One important finding that emerged from comparing estimates from the two time points was that more students were exposed to certain problems at school in 1995 than in 1989. As compared to students in 1989, students in 1995 were more likely to report that they had experienced violent victimization, could obtain drugs, and were aware of street gangs at school.
A second key finding was that various types of problems tended to co-exist. For instance, student reports of drug availability, street gang presence, and gun presence at school were all related to student reports of having experienced violent victimization at school. Reports of having experienced violent victimization were higher among students who reported that drugs were available than among students who reported that they were not. In addition, students who reported that street gangs were present were more likely than students who reported that they were not present to say that they had been violently victimized. Finally, students who reported seeing another student with a gun were more likely to say that they had experienced violent victimization than students who had not seen another student with a gun.
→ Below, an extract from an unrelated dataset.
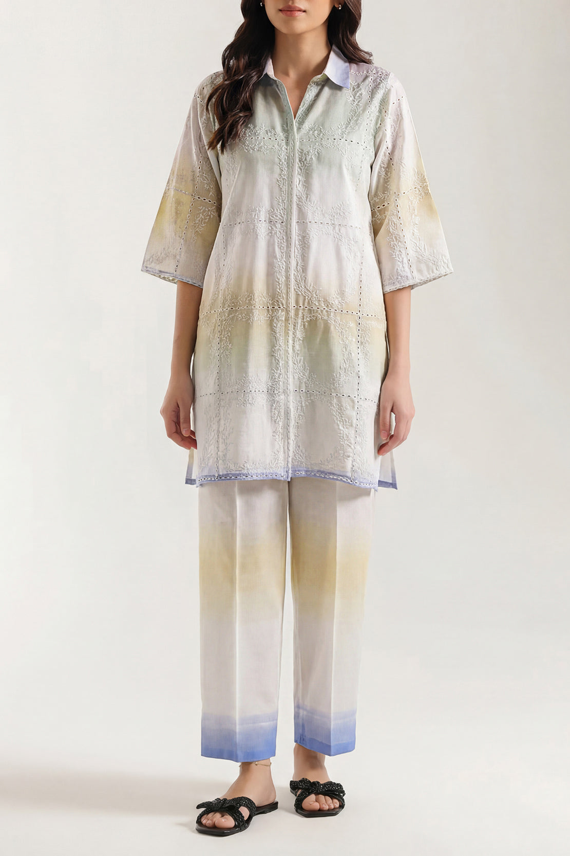 Elevate Your Summer Wardrobe With This Elegant Two-Piece From SAYA, Crafted In Lawn Fabric Renowned For Its Lightweight Feel, Smooth Texture, And Breathable Comfort. The Shirt Showcases A Refined Arabic-Inspired Print Enhanced With Delicate Embroidery, Adding Depth And Sophistication To The Overall Design. Expert Stitching Ensures A Polished, Ready-To-Wear Finish While Maintaining Ease And Comfort. The Matching Trouser Complements Perfectly With Clean Tailoring And A Soft Fall, Creating A Harmonious And Graceful Look. Ideal For Daytime Festivities, Semi-Formal Gatherings, Or Stylish Everyday Wear, This Set Blends Cultural Aesthetics, Quality Craftsmanship, And Modern Fashion Appeal.
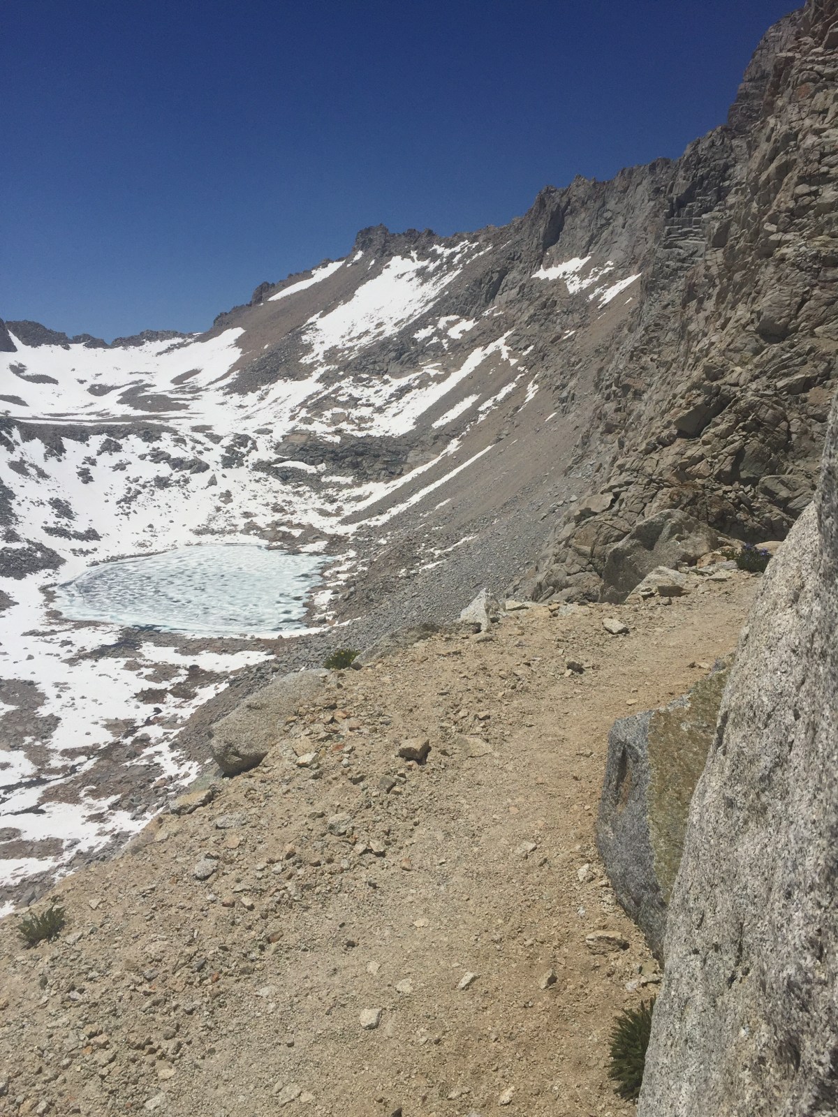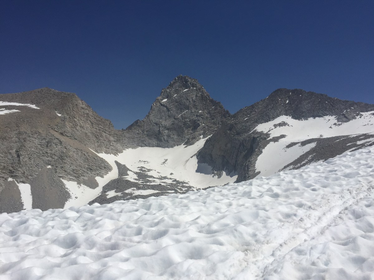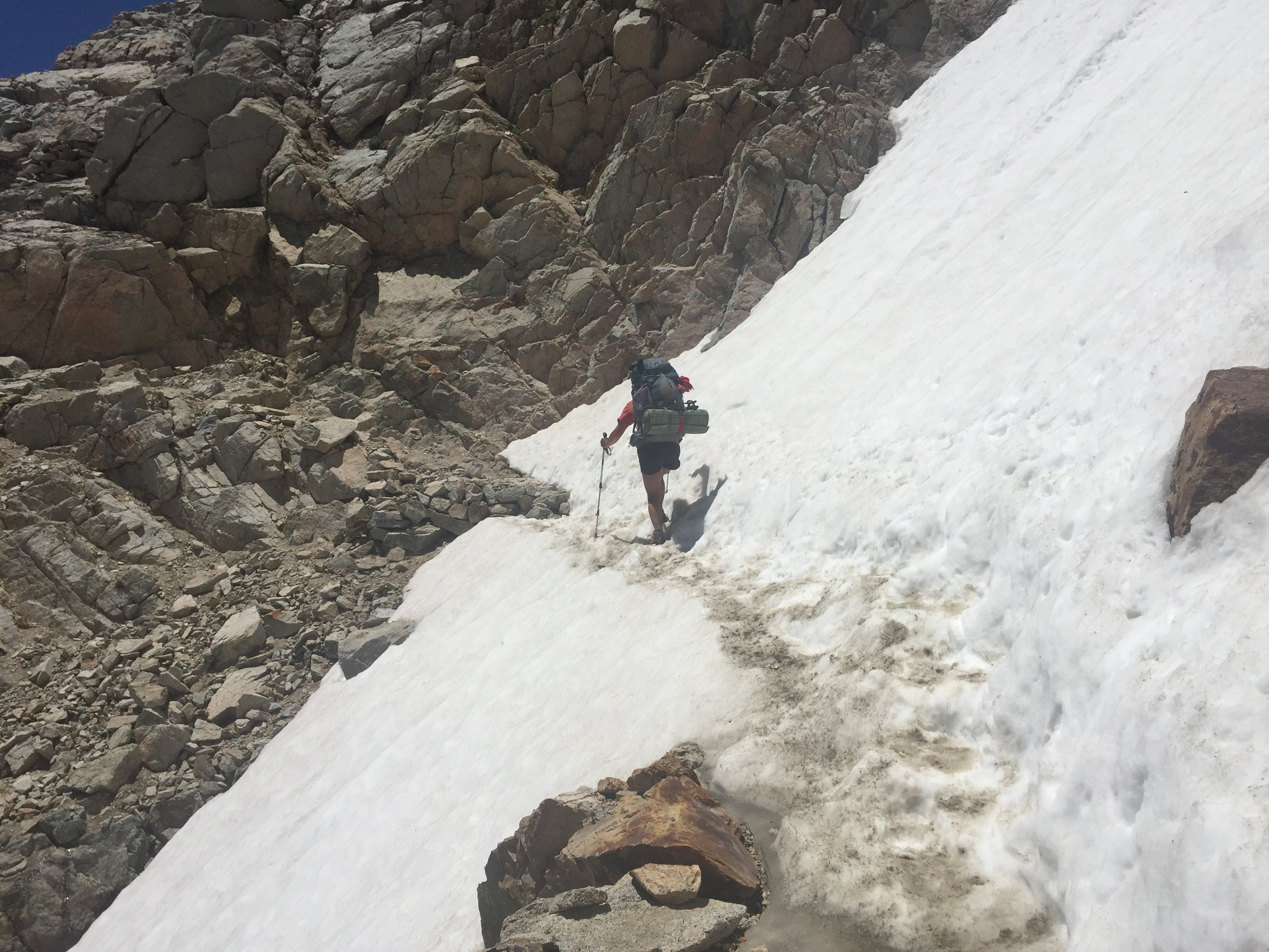 The next day had more climbing in store for us, as we climbed Forester Pass; the highest point of the PCT at 13,118 feet. The pass can be difficult, as there is a snowy traverse across a steep mountain section; but when we got there it was passable without any special equipment. We put on our microspikes, which are like mini-crampons, to be safe though!

Because of the exploratory nature of this report, the crime variables were studied using bivariate analyses only. Future research will apply multivariate approaches to the data to help better understand possible interactions and patterns. Also, because the report focused on the important issues of school crime, it did not exhaustively cover all of the topics addressed by the data bases. Such topics as safety measures taken by schools to prevent crime, student avoidance of places in or near school because of fear of attack, and student perceptions of rule enforcement at school will form the basis of future work. It is the intent of both NCES and BJS to continue what has been a successful collaborative effort to conduct some of this research.